===== Excerpted data =====
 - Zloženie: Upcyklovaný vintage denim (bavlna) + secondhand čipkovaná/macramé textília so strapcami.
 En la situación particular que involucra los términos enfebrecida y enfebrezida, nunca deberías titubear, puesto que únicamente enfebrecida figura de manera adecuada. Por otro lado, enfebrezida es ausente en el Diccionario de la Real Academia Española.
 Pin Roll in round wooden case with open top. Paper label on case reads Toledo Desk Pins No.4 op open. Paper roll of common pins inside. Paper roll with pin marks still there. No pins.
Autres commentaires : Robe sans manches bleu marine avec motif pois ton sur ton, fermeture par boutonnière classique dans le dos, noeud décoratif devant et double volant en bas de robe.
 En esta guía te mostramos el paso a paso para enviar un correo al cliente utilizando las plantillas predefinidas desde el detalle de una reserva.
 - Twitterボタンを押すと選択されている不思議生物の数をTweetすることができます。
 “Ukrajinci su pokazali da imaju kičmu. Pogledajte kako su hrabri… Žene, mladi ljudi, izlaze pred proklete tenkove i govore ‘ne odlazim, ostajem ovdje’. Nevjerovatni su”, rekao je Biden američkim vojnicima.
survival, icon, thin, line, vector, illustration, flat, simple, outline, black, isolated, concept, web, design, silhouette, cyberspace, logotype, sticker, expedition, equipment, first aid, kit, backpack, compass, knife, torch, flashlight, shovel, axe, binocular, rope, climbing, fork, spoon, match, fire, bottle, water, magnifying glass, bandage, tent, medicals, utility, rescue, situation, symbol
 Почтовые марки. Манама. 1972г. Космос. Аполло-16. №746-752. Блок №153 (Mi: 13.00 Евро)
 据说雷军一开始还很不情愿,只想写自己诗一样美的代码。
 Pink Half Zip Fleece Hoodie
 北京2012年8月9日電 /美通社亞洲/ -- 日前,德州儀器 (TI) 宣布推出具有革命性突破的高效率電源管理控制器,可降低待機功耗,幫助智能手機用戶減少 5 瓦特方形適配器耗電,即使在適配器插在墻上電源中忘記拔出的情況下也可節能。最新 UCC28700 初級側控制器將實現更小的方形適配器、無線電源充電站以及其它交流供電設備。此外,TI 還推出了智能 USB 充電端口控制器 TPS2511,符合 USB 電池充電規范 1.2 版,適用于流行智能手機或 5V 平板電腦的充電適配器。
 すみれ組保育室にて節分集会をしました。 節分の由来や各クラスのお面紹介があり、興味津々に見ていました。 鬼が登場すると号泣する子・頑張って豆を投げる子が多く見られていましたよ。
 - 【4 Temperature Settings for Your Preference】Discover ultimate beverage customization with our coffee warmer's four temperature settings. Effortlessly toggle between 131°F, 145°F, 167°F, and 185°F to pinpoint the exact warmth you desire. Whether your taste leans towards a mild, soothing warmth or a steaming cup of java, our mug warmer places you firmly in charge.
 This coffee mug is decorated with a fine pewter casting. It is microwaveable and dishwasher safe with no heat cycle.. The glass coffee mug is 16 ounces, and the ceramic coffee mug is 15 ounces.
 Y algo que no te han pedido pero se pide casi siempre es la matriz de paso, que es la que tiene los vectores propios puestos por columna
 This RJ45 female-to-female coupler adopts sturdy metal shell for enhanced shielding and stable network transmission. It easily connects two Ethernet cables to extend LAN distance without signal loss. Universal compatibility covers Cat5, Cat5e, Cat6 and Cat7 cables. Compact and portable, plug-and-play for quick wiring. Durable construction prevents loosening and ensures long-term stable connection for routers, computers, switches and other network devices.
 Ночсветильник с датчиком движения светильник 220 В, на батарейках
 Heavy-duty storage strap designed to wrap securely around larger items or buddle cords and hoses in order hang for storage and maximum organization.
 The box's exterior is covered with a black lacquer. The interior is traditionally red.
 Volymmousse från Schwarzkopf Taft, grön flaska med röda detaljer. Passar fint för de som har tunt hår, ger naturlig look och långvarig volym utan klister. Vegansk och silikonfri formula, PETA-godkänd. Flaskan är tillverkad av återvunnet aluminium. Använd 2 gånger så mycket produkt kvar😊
=====
* Task instructions
In the records above, some lines hold the word "This"; copy each such line.

* Completed exercise
 This coffee mug is decorated with a fine pewter casting. It is microwaveable and dishwasher safe with no heat cycle.. The glass coffee mug is 16 ounces, and the ceramic coffee mug is 15 ounces.
 This RJ45 female-to-female coupler adopts sturdy metal shell for enhanced shielding and stable network transmission. It easily connects two Ethernet cables to extend LAN distance without signal loss. Universal compatibility covers Cat5, Cat5e, Cat6 and Cat7 cables. Compact and portable, plug-and-play for quick wiring. Durable construction prevents loosening and ensures long-term stable connection for routers, computers, switches and other network devices.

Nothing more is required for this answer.